SUPPLIED DATA
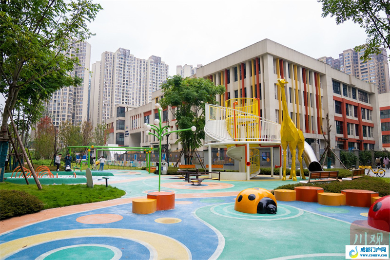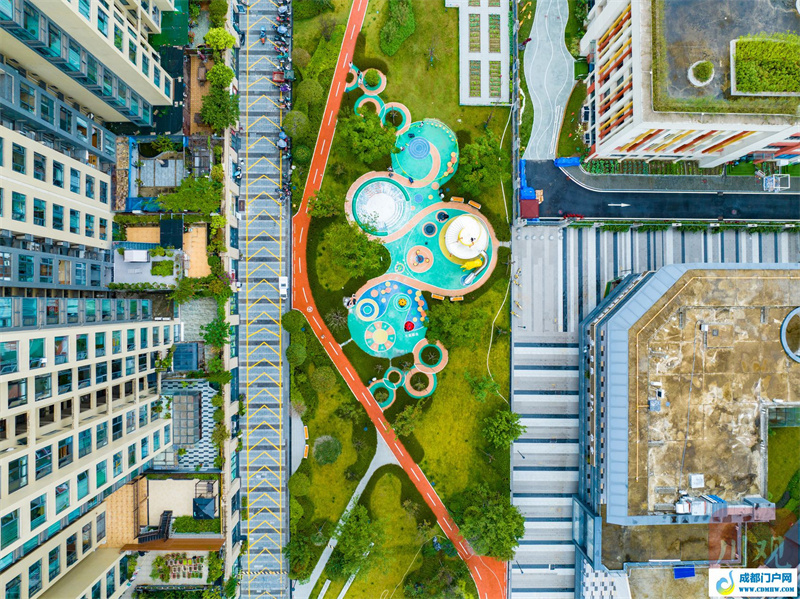 成都高新区二幼北侧游园绿廊儿童活动区。
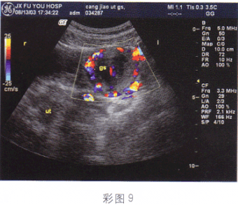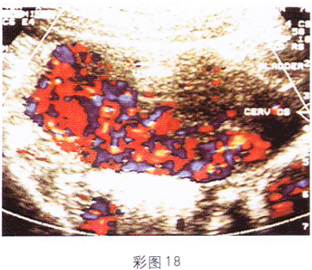 女性,36歲,停經約3個月,不規則陰道出血半月余。查體:子宮體積大于停經周數,子宮旁觸及囊性腫塊,血HCG1260μg/ml。超聲表現見彩圖18。
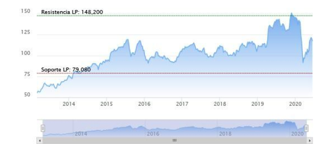 En su gráfica de cotización observamos cómo se ha filtrado el efecto coronavirus. Pero también la recuperación de más de un 32% de su valor desde abril, y en lo que va de año su saldo negativo supera el 17%. Además se encuentra a más de un 22% de sus máximos registrados el pasado mes de noviembre cuando comenzó sus emisiones Disney+. En los últimos cinco días el valor ha perdido un 6% y ha ganado más de un 9% en el acumulado del último mes.

ASSIGNMENT
The material should be returned verbatim, with all images omitted.

EXERCISE RESULT
 成都高新区二幼北侧游园绿廊儿童活动区。
 女性,36歲,停經約3個月,不規則陰道出血半月余。查體:子宮體積大于停經周數,子宮旁觸及囊性腫塊,血HCG1260μg/ml。超聲表現見彩圖18。
 En su gráfica de cotización observamos cómo se ha filtrado el efecto coronavirus. Pero también la recuperación de más de un 32% de su valor desde abril, y en lo que va de año su saldo negativo supera el 17%. Además se encuentra a más de un 22% de sus máximos registrados el pasado mes de noviembre cuando comenzó sus emisiones Disney+. En los últimos cinco días el valor ha perdido un 6% y ha ganado más de un 9% en el acumulado del último mes.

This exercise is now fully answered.